I didn't want to fear spankings. I wanted to be tough. I wanted to be invincible. I wanted to be the wife that just accepts the punishment and moves on without even looking back.

But then something changed. Then I realized that it's ok to fear spankings and that there is a way to fear the spanking without fearing your husband. There's a way to make this a healthy fear, and not a paralyzing one. I realized it's ok.

Truth be told, every spanking my husband has ever given me has hurt to some degree. This isn't about pain. Some of my most severe spankings, pain wise, haven't made me fear spanking and while they did change that specific behavior, they didn't change my behavior overall. What I mean by that is this- say I get spanked (pretty severely, at that) for texting while driving. The chances of me texting while driving again anytime in the near future are very slim, to none. But the chances of me making another mistake in the near future that could potentially earn me a spanking are very high. Why that is is just simply because I didn't fear it like I should have.

Then one day, something changed. I had done something wrong and a spanking was justified. As I was heading to our bedroom, I remember thinking "well this sucks, so let's just get this over with because I need to finish putting away the laundry, packing, and making my shopping list". It was like well, in the midst of everything else I need to do today, let's just add spanking onto it.

"This spanking is going to be a bit different, dear. Not because the offense is necessarily more serious than others, but because I think you've became immune to how we currently spank".

Different? Wtf does "different" mean? And "immune"? Give me a break. I can still FEEL them.

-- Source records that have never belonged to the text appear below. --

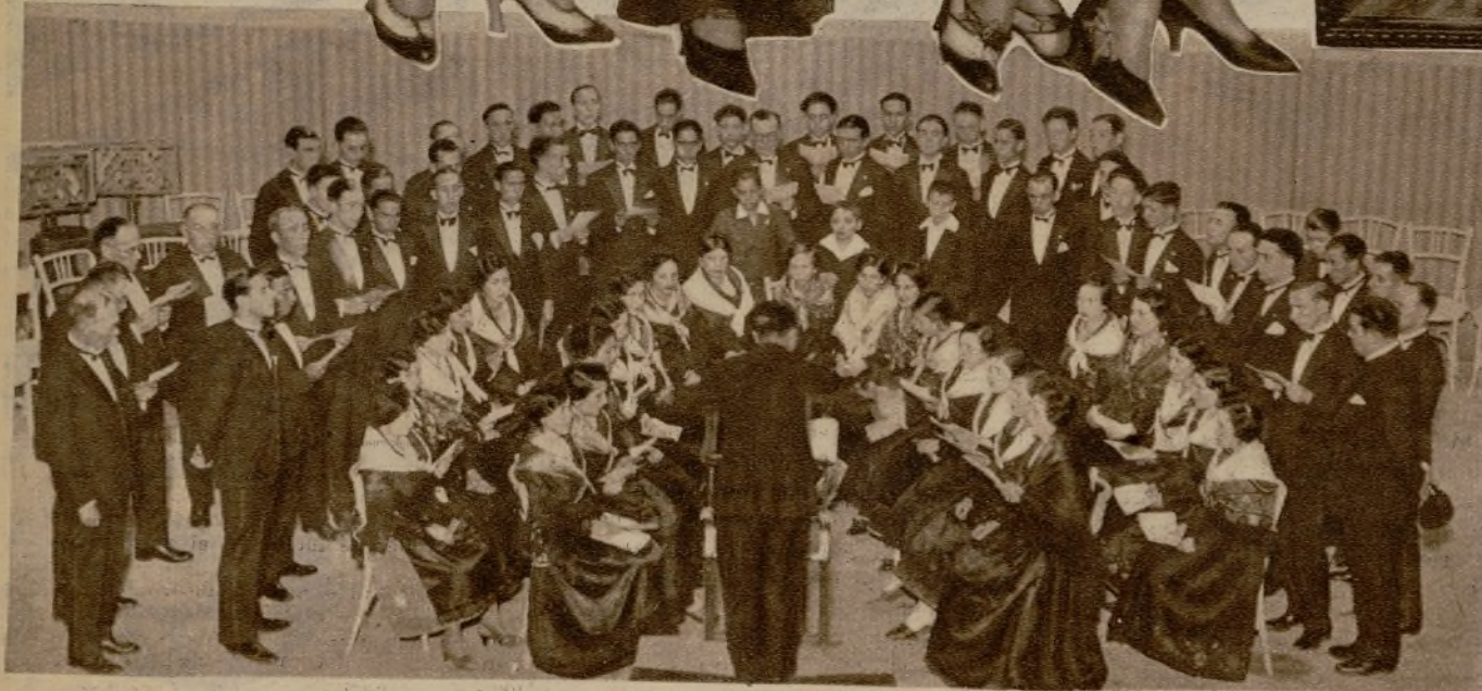
El Orfeón de Cáceres ha dado un magnífico concierto en el Círculo de Bellas Artes, obteniendo un justo y merecido éxito.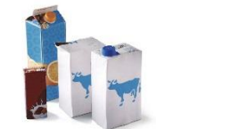
Briques et cartonnettes alimentaires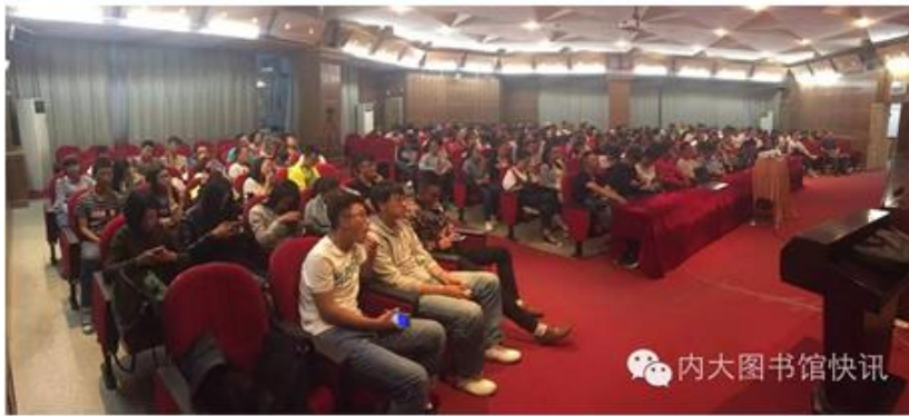
精彩讲座同学们报以热烈掌声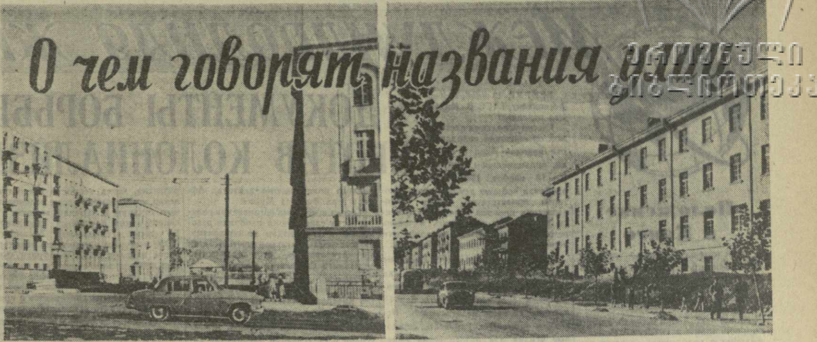
На снимках: сегодня на улице Канделани.

В. БЕБУТОВА-ГАБУНИЯ, заведующая музеем республиканского Дома народного творчества, заслуженный деятель искусства Грузинской ССР.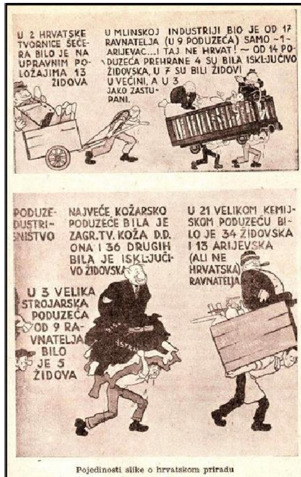
Prilog 3. Opis: Slika sa izložbe Židovi koja prikazuje ustaško viđenje iskorištavanje Hrvata od strane Židova 72

But, like every other spanking, I cooperated. Thankfully, "different" didnt mean some kind of whips and chains stuff, and "immune" just meant I was so used to how we spanked, the ritual, the severities, the "breaks", the entire process that I just began to block it out.

By the end of my "new spanking", the pain was about the same. But the feeling was different. I felt more obedient, I felt more loved, I felt more apologetic. I felt like I actually cared! Because I did actually care. I cared a lot that I got spanked that afternoon, and all the sudden, that spanking didn't just seem like another item to check off on the to do list for the day. My entire attitude changed.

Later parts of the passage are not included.